Ivonescimab, a revolutionary bispecific antibody developed by Akeso Biopharma, merges PD-1 immunotherapy blockade with anti-VEGF angiogenesis inhibition in one innovative formulation. Akeso's collaboration with Summit Therapeutics in December 2022 led to the licensing of ivonescimab's exclusive rights for development and commercialization in key markets, while Akeso retains control in other regions, including China.

A pivotal Phase III (HARMONi-A trial) is currently underway, assessing ivonescimab combined with chemotherapy in EGFR-mutated, locally advanced, or metastatic non-squamous NSCLC patients who have progressed after third-generation EGFR TKI treatment. Enrollment is expected to conclude in the latter half of 2024.

In May 2024, the National Medical Products Administration (NMPA) approved Ivonescimab in combination with chemotherapy for use in patients with EGFR mutated, locally advanced or metastatic non-squamous non-small cell lung cancer (NSCLC) who have progressed after treatment with an EGFR tyrosine kinase inhibitor (TKI). This is the first approval for ivonescimab by any regulatory authority. The approval for ivonescimab was based on the trial called HARMONi-A trial. Ivonescimab is not approved by any regulatory authority in Summit’s license territories, which includes the United States, as well as, Canada, Europe, and Japan.

The first set of data in EGFR-mutant NSCLC was shared in an abstract ahead of the American Society of Clinical Oncology (ASCO) conference, showing that, a total of 322 patients were randomized (161 to the ivonescimab plus chemotherapy arm, 161 to the placebo plus chemotherapy arm). As of March 10, 2023, the median follow-up time was 7.89 months. PFS was significantly improved in the ivonescimab plus chemotherapy arm. Median PFS by IRRC was 7.06 months in the ivonescimab arm versus 4.80 months in the chemotherapy arm. The prespecified subgroup analysis showed PFS benefit favoring patients receiving ivonescimab over placebo across almost all subgroups, including in patients who progressed on the third-generation EGFR-TKIs therapy, those with brain metastases, those with EGFR mutation of deletion 19 and individuals with T790M mutation positive. The ORR were 50.6% and 35.4%, respectively. Grade ≥3 TEAEs occurred in 99 (61.5%) patients versus 79 (49.1%) patients.

KOL insights

“Ivonescimab (a PD-1 and VEGF bispecific antibody) showed benefit for patients with EGFR+ tumors not responding to TKIs.” –Expert Opinion.

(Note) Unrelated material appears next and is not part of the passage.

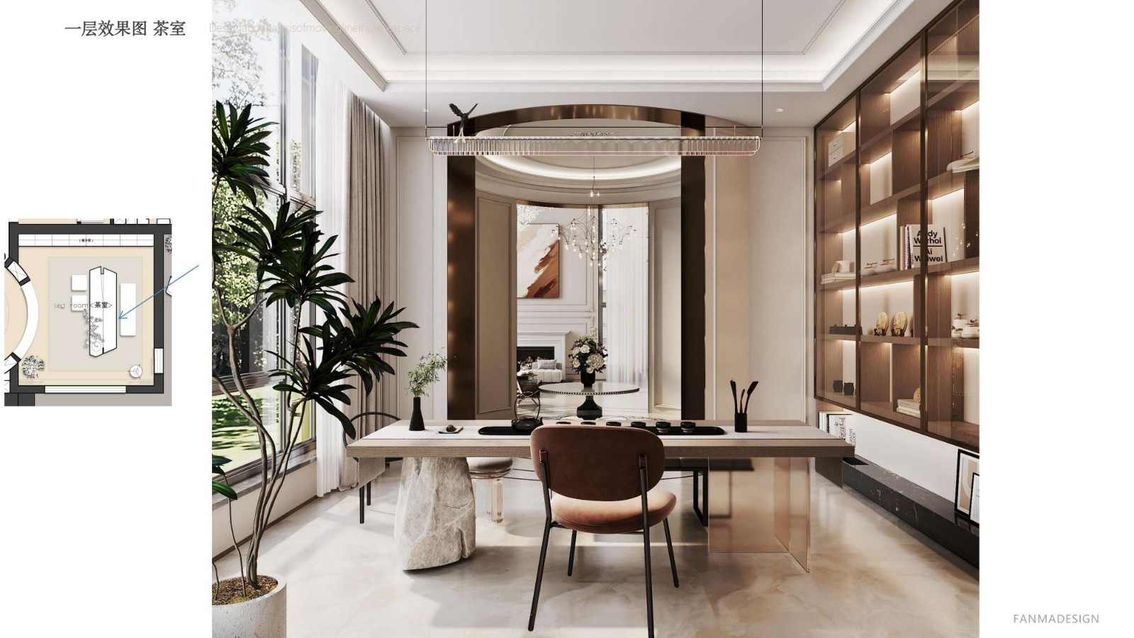 挑高设计,搭配水晶吊灯,大面积落地窗

“We are excited to continue to develop ivonescimab with appropriate, accelerated pace and with the intent to make a significant difference for those patients who may benefit most from new, innovative therapies in lung cancer and other solid tumors.”–Expert Opinion.

Conclusion-

NSCLC's evolution into a biomarker-driven market is evident, with EGFR standing out as a lucrative segment. In 2023, out of the 230,000 yearly NSCLC cases, approximately 15% have EGFR mutation, with a total market size of EGFR NSCLC to be approximately USD 2 billion in the US. DelveInsight's assessment suggests this figure will likely surge with the anticipated introduction of novel therapies, signaling growth in the forecast period. 

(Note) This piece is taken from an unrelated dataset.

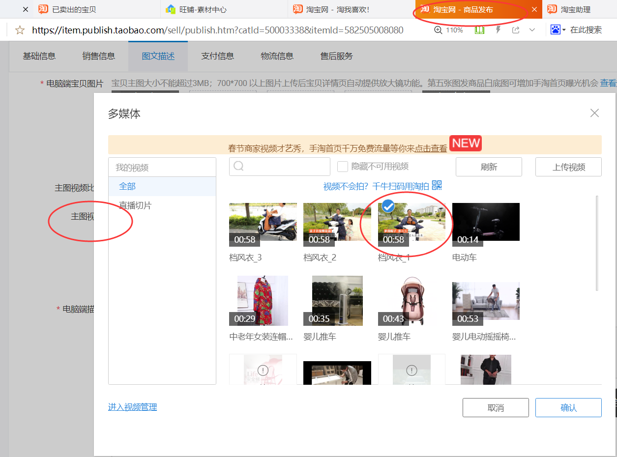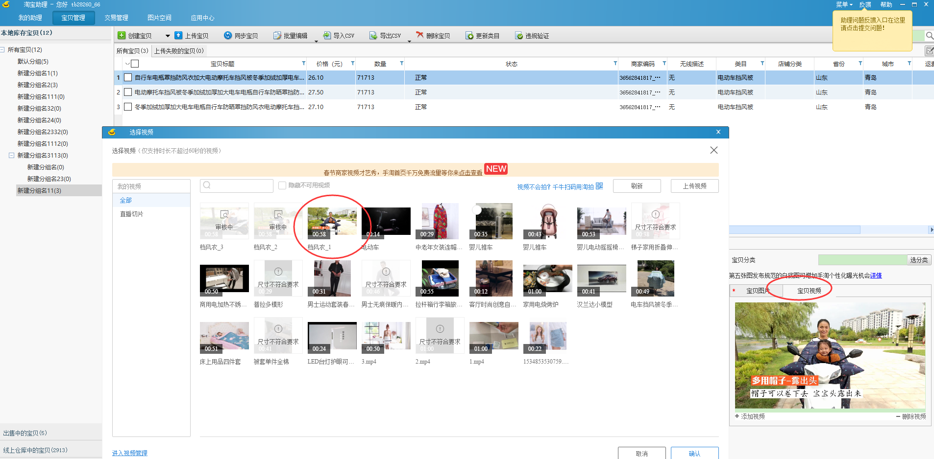 ▼如果裂变的宝贝已经上传成功,也可以在店铺后台编辑宝贝,打开主图视频,选择刚刚上传的新视频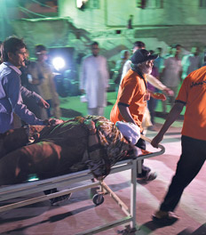 Rescatistas paquistaníes evacuan a un hombre herido del templo después del atentado.

Ivonescimab plus chemotherapy showcased a notable advancement in progression-free survival (PFS) alongside a well-managed safety profile in patients previously unresponsive to EGFR-TKI treatments. Initial data presented in an abstract before the ASCO conference unveiled a median PFS of 7.06 months with ivonescimab plus chemotherapy, compared to 4.80 months for the control group. Despite this promising outcome, Summit experienced a significant downturn, with shares plummeting over 20%, marking one of the largest biotech losses before the cancer conference. Nevertheless, these findings prompted approval for the ivonescimab-chemotherapy regimen in China this month, where Akeso holds marketing rights. Summit had previously licensed the bispecific antibody in the US, Canada, EU, and Japan in 2022.